What your computer does while you wait - damagednoob
http://duartes.org/gustavo/blog/post/what-your-computer-does-while-you-wait

======
maximilian
Did anybody notice the youtube style comment?:

 _WHAT A WASTE OF TIME AND INTERNET SPACE. WHY NOT REPORT ON THE GOOD THAT OUR
TROOPS ARE DOING IN IRAQ? WHERE ARE THE GOOD STORIES?? OUR FREEDOM FIGHTERS
HAVE OCCOMPLISHED SO MUCH IN THE LAST FEW YEARS, AND THE LIBERAL INTERNET
IGNORES THEM, JUST LIKE THEY IGNORE GOD AND THE TEN COMMANDMENTS!!!
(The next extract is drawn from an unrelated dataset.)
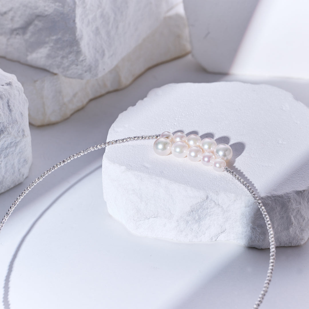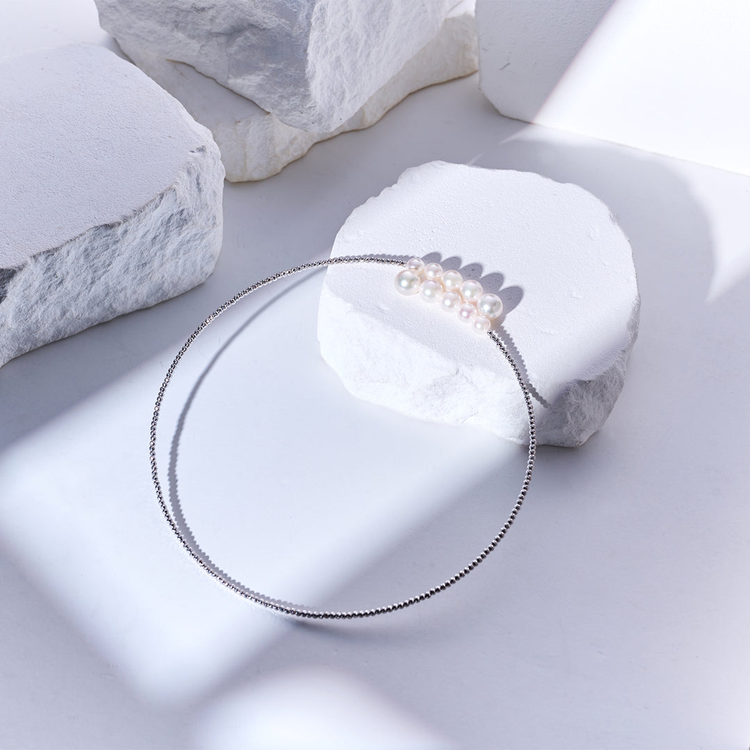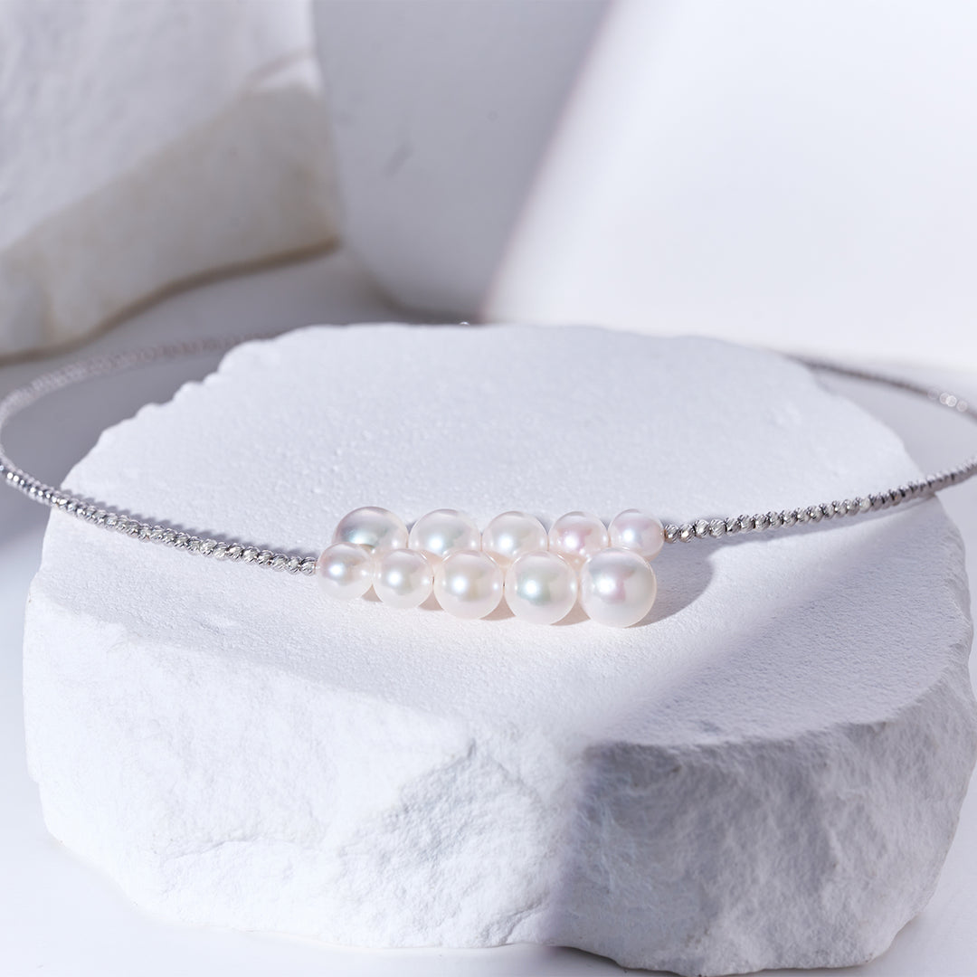 日本産の輝くアコヤ真珠をあしらったこの作品は、日常のスタイルに優雅な輝きを加えます。精巧にカットされた18Kゴールドのビーズが動くたびに光を捉え、控えめで魅力的なきらめきを放ちます。

IF YOU MUST HATE THE TROOPS FROM YOUR LIBERAL IDEOLOGY, WHY NOT AT LEAST TALK
ABOUT JESUS? I SAW NO REFERENCES TO JESUS ON YOUR WEBSITE!! WHY NO BIBLE
PASSAGES AT LEAST?? THESE MEN ARE DYING FOR YOUR FREEDOM TO SIT AROUND AND
TYPE USELESS CRAP, AND ALL YOU CAN DO IS DEFICATE ON THEIR IMAGE AND THE
SAVIOR FOR WHOM THEY ARE WORKING.

YOU ARE JUST ANOTHER LIBERAL TERRORIST. HOPEFULLY THIS ECONOMY WILL CLEAN UP
THE INTERNET AND GET RID OF WEBSITES LIKE THIS. ENJOY HOMELESSNESS, APOSTATE._

WTF is it?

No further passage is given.